Ex-colônias de Inglaterra e Portugal, as duas regiões administrativas especiais da China combinam as luzes asiáticas com o passado europeu
Da janela vê-se a sombra do avião contornando em meia-lua a ilha principal e a porção continental de Hong Kong. Se é possível falar em “primeira impressão” em uma época em que o viajante pode antecipar sua jornada nos googles da vida, a terra dos pais de Bruce Lee parece ser o que, em grande parte, de fato é: um populoso entreposto comercial no extremo do mundo, com um imenso porto pontilhado de contêineres coloridos como peças de Lego e espigões à margem de uma baía apinhada de petroleiros, cargueiros, barcaças de todos os tamanhos e fins. Ex-colônia inglesa, Hong Kong voltou, em 1997, para o governo de Pequim com o status de Região Administrativa Especial, o que lhe garante algumas regalias democráticas. Caso semelhante é da vizinha Macau, um sempre surpreendente pedaço de Portugal na paisagem do Mar da China.
Do céu sobre Hong Kong, o espetáculo termina no aeroporto de Chek Lap Kok, erguido em um aterro anexo à verdinha Lantau, parte do arqui-pélago que reúne mais de 250 ilhas e ilhotas. Se o viajante, como eu, vem da China continental, desembarca em outro país: é preciso passar por uma nova alfândega e uma imigração (que, ao contrário da China, dispensa visto aos brasileiros). Mudam ainda o idioma (cantonês), a moeda (dólar de Hong Kong) e as finanças do turista.

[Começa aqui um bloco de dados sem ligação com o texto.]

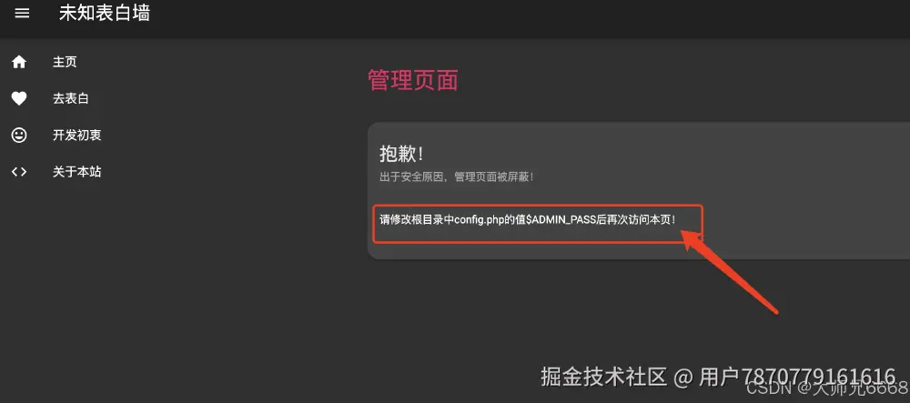验证码填写完毕,点击确认后,小彩蛋出现!!这里作者为了安全考虑,让咱们一定要注意修改config.php中的ADMIN_USER和ADMIN_PASS变量以修改默认账号密码,否则可能会被盗登后台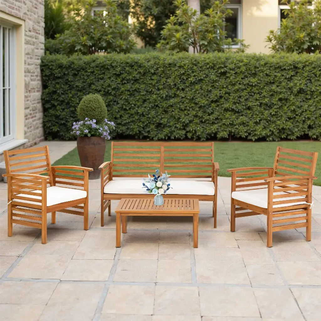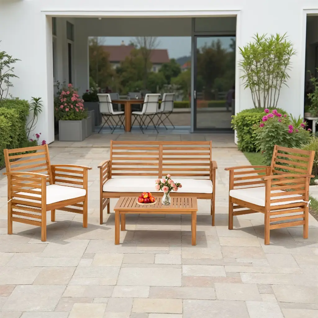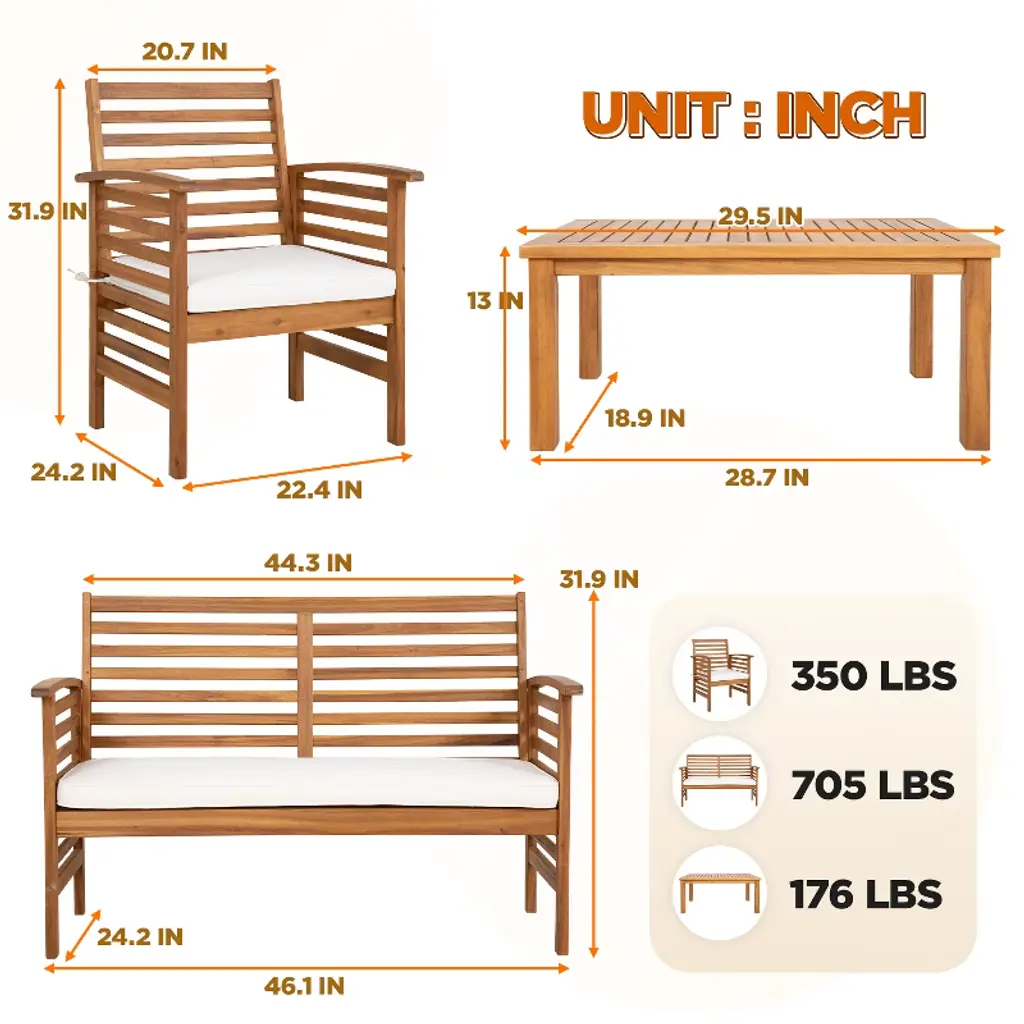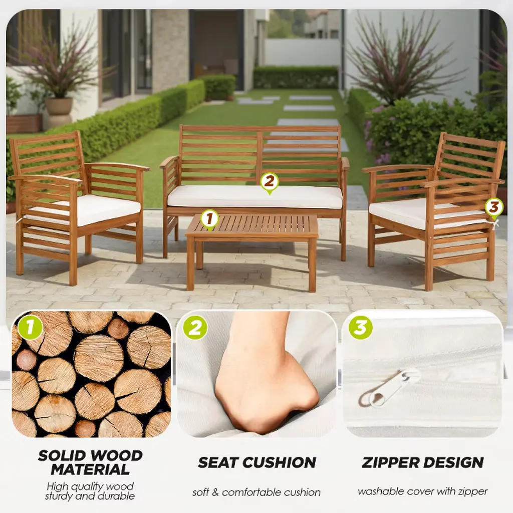 BestMassage Acacia wood outdoor sofa set combines durability, comfort, and style, making it an ideal choice for patios, gardens, and balconies. Crafted from high-quality natural Acacia wood, known for its strength and resistance to cracking, this set features thick, soft cushions with removable, washable covers for easy maintenance. The sturdy design includes secure slats and sloping backrests for added stability and comfort. With simple assembly and space for 4-5 people, it's perfect for outdoor gatherings, providing a cozy spot to relax, drink tea, or enjoy meals with family and friends.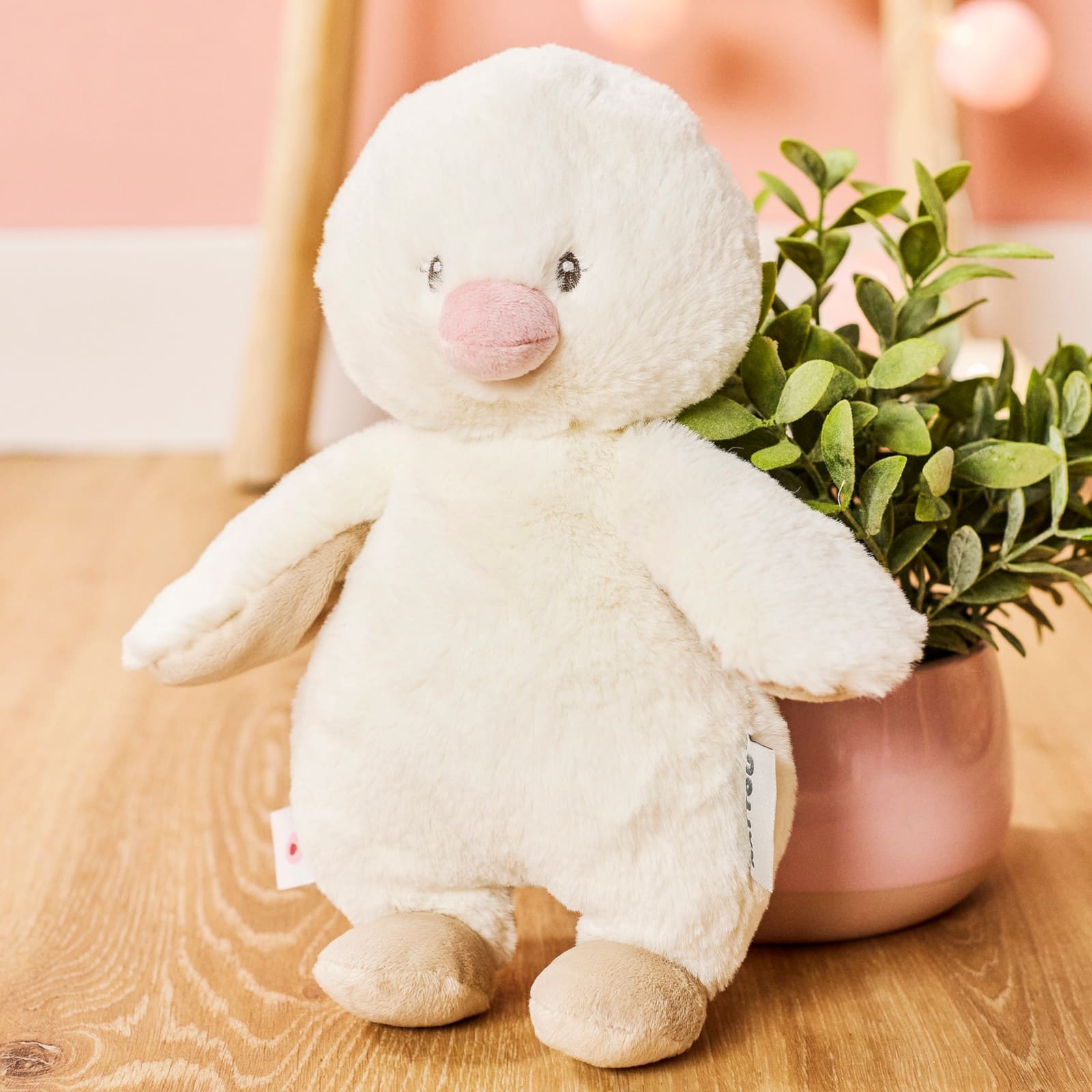 Dieses niedliche Kuschelentchen wird im Handumdrehen zum Lieblingsspielgefährten deines Babys. Mit seinem weichen Plüschfell lädt es zu endlosem Kuscheln ein und vermittelt ein Gefühl von Sicherheit und Geborgenheit. Die Flügelchen, der Schnabel und die Füsschen bieten verschiedene Greifmöglichkeiten, die den Tastsinn und die Feinmotorik deines Kindes spielerisch fördern. Dank seines süssen Aussehens und der sanften Farben passt dieses Entchen perfekt ins Kinderzimmer. Ideal für fröhliche Abenteuer am Tag und kuschelige Momente vor dem Schlafengehen, ein entzückender Freund, der stets Trost und Freude schenkt.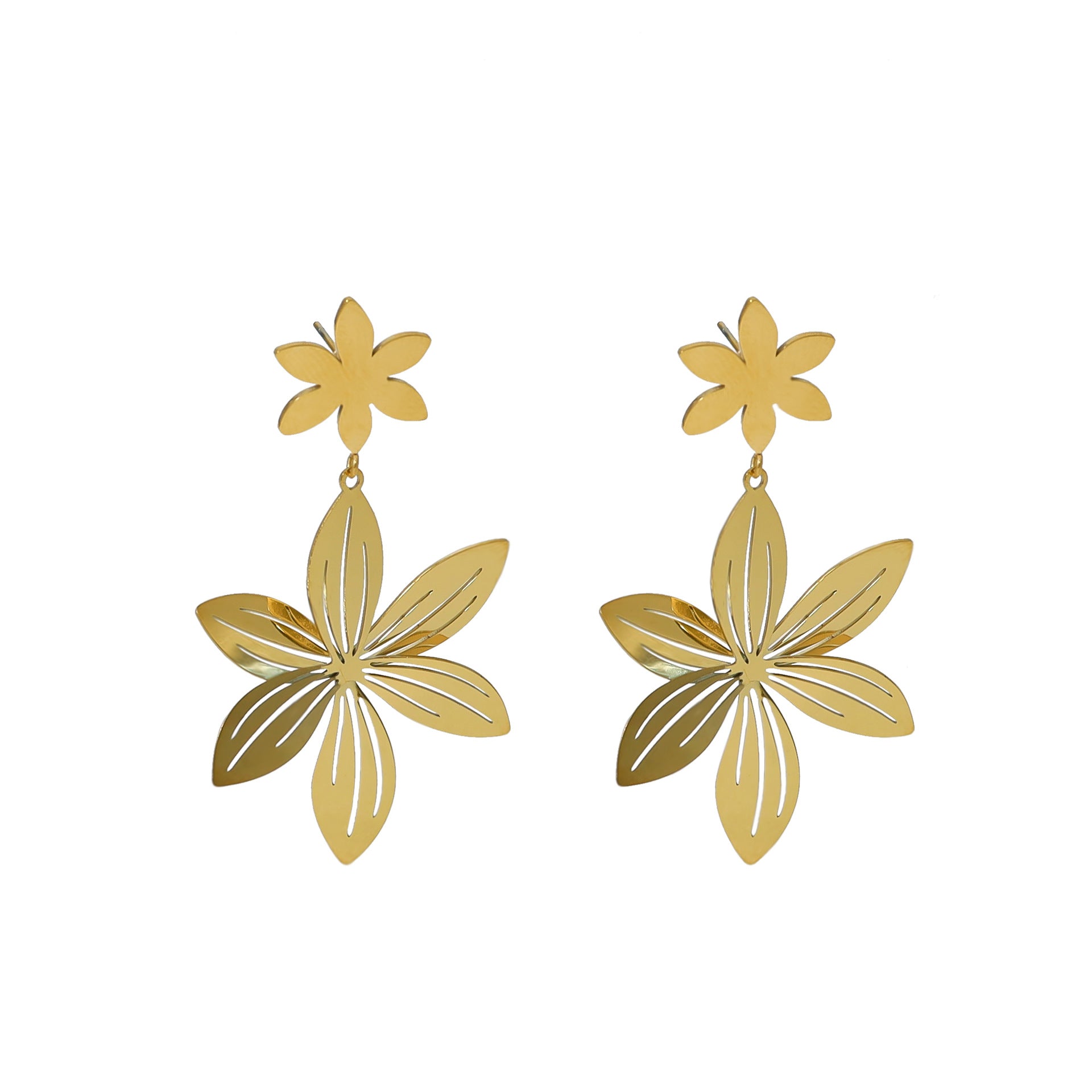 Gold Stainless Steel Petal Earrings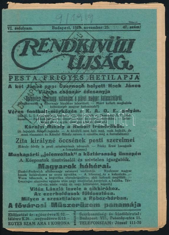 1918 Bp., A Rendkívüli Újság (Pesta Frigyes Hetilapja) VI. évfolyamána... https://www.darabanth.com/en/32-Major-auction/32.1/Art-and-other-collectibles/Printed-Materials~13371/1918-Bp-A-Rendkivuli-Ujsag-Pesta-Frigyes-Hetilapja-VI-evfolyamanak-47-szama-cimlapon-~II2019465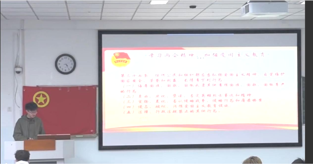 为深入学习贯彻习近平总书记在全国两会上的重要讲话精神,加强安全教育宣传,进一步巩固寒假社会实践成果,激励团员青年在强国建设和中国式现代化新征程中发挥先锋模范作用,大数据 202203、大数据 202204、大数据 202205、物联网 202101、物联网 202203、物联网 202204、物联网 202205七个团支部于3月17日在十教A201成功开展了“展01205模范作用,大数据国两主题班团活动。

À diferença das grandes cidades chinesas, serviços como restaurantes, hotéis e transporte são caros por aqui. Para quem não passa sem compras, em compensação, é como adentrar o paraíso: porto livre, isento de pesados impostos de importação, Hong Kong é como um imenso free shop a céu aberto, principalmente para eletrônicos. Legítimos, não falsificados.
BAÍAS E QUEBRADAS
A ilha que dá nome à região toda é a mais antiga, centro financeiro e dos negócios portuários. Agitada, lotada de gente, é um núcleo urbano de camadas de riqueza e de história embaralhadas: torres de aço e vidro disputam exíguo espaço com edifícios residenciais gigantes. Nesse miolo, vão sobrevivendo prédios antigos, cheios de fios enroscados e quase tombando de aparelhos de ar-condicionado pendurados. Uma marca de um dos lugares mais densamente povoados do mundo, em que o preço do metro quadrado é uma pequena fortuna.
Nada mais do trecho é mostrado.